Fig. 5: Abundance plots for the eight strategies in a finite population.

All simulations begin with a population consisting of (H,H,1). The circular figures are pie-charts evolving over time (initial condition inside and time progresses outwards). The rings of the charts show the population composition (denoted by the different colours) as it changes through time. Transient: For different selection intensities the initial conditions are all the same - starting in a (H,H,1) population (the centres of the circles). With a mutation rate of μ = 10⁻³ new strategies appear and spread in the population. Every 20th time-step up to 1000 time-steps are plotted, from inside to outside. Full: Over time (5 × 10⁶ time-steps) the population reaches stationarity. Every 1000^th time-step is plotted. The final distribution of strategies (outermost layer of the circles) is collated in the bar-chart.
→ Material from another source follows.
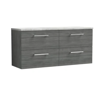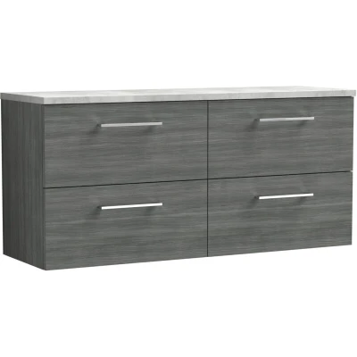 Arno Wall Hung 4 Drawer Vanity Unit with Bellato Grey Worktop 1200mm Wide Anthracite Woodgrain Nuie

Bottom: The final distribution of the strategies at time-step 5 × 10⁶ is plotted as a stacked bar chart for the different section intensities. When selection intensity ω = 0 the dynamics is neutral and all the strategies evolve to similar abundances. When selection intensity is increased even slightly ω = 0.2 the population is made up predominantly of stag hunters. Note that it is not necessary that all stag hunter share the same inter-subjective reality. Parameters are N = 32, G = 5, M = 4, P_S = 4 and P_H = 1.